Start of Data for analysis

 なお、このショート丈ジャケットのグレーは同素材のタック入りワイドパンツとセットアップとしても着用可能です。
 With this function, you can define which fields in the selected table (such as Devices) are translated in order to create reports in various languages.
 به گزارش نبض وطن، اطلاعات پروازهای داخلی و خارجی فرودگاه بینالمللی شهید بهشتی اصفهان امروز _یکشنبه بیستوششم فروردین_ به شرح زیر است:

End of Data for analysis
Start of Data for analysis

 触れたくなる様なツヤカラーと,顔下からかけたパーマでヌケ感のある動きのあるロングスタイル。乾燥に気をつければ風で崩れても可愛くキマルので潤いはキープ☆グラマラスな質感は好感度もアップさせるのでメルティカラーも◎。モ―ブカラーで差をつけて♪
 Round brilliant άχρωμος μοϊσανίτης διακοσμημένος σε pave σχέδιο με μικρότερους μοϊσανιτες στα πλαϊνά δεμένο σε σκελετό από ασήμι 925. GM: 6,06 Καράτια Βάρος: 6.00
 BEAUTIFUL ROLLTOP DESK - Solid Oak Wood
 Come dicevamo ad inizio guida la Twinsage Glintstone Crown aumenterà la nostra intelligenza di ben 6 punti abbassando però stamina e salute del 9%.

End of Data for analysis

* Action item
Out of the listing above, reproduce exactly the lines from the one with "なお、このショート丈ジャケッ" up to and including the one with "به گزارش نبض".

* Exercise answer
 なお、このショート丈ジャケットのグレーは同素材のタック入りワイドパンツとセットアップとしても着用可能です。
 With this function, you can define which fields in the selected table (such as Devices) are translated in order to create reports in various languages.
 به گزارش نبض وطن، اطلاعات پروازهای داخلی و خارجی فرودگاه بینالمللی شهید بهشتی اصفهان امروز _یکشنبه بیستوششم فروردین_ به شرح زیر است:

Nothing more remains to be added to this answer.